California is different from Massachusetts in several ways that would make interstate shopping less likely: the bulk of California’s population is several hundred miles from a neighboring U.S. state, California shares a land border with Mexico, and the state has some of the busiest international ports. Not surprisingly, there has been no observed increase in sales in neighboring states following California’s flavor ban. The likelihood of international smuggling is substantially greater and more difficult to track.

We previously estimated that as recently as 2020, California had the second-highest cigarette smuggling rate in the country, behind only New York. Forty-four percent of the cigarettes consumed in California were not purchased in the state, with as much as 17 percent of all consumed packs originating from foreign sources. With robust international smuggling operations in place, illicit operators are well-positioned to provide consumers with newly banned products.

To evaluate the consumption choices of Californians after the menthol ban, market research firm WSPM Group conducted a discarded cigarette pack audit. WSPM collected 15,000 discarded cigarette packs from public trash containers across 10 major California cities in May and June of 2023. Details on each pack were then collected and categorized, including the cigarette brand, whether the pack contained menthol, if the pack originated domestically or from abroad, and details on the tax stamp (if any was present).

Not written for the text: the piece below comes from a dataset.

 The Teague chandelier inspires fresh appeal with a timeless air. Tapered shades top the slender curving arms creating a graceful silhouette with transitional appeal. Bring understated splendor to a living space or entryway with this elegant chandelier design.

The data show that Californians are still smoking menthol cigarettes after the ban. 14.1 percent of the sample (2,144 packs) were menthol. Another 7.0 percent of the packs included a form of menthol work-around. Menthol flavoring is commonly added to manufactured cigarettes by adding a mint-like flavoring to the pack container, not by modifying the cigarette sticks. This process is therefore simple to mimic using secondary additives. At the time of writing this article, menthol balls, flavor card pack inserts, and other devices are readily available for purchase online. Smokers can also incorporate a mint flavor to cigarettes without any purchase simply by adding a mint leaf or two and closing the pack for a day.

In total, 21.1 percent of the discarded packs were menthol-style cigarettes. A mere 3-percentage-point drop in menthol market share should immediately raise questions as to whether the menthol ban is having any significant effects on consumption.

In contrast, foreign and illicit market share spiked. Non-U.S. packs comprised 27.6 percent of the sample. These packs were found in high quantities in all cities studied. Over half of these packs, 14.2 percent of the entire sample, were duty-free cigarettes designated for export, but somehow made their way back into California cities.

Only 41.2 percent of packs had the proper California tax stamp, though a quarter of the sample had no cellophane on the package and no tax stamp whatsoever, making the origins of the pack indeterminate. If the sample is representative of the entire state, the forgone excise tax revenue from the illicit packs would be nearly $2 billion per year.

This data should make policymakers cautious as they consider a federal menthol ban and similar prohibitions in other states. The tax losses from these policies are substantial, and illicit smuggling operators appear capable of filling the demand prohibited by legal market transactions.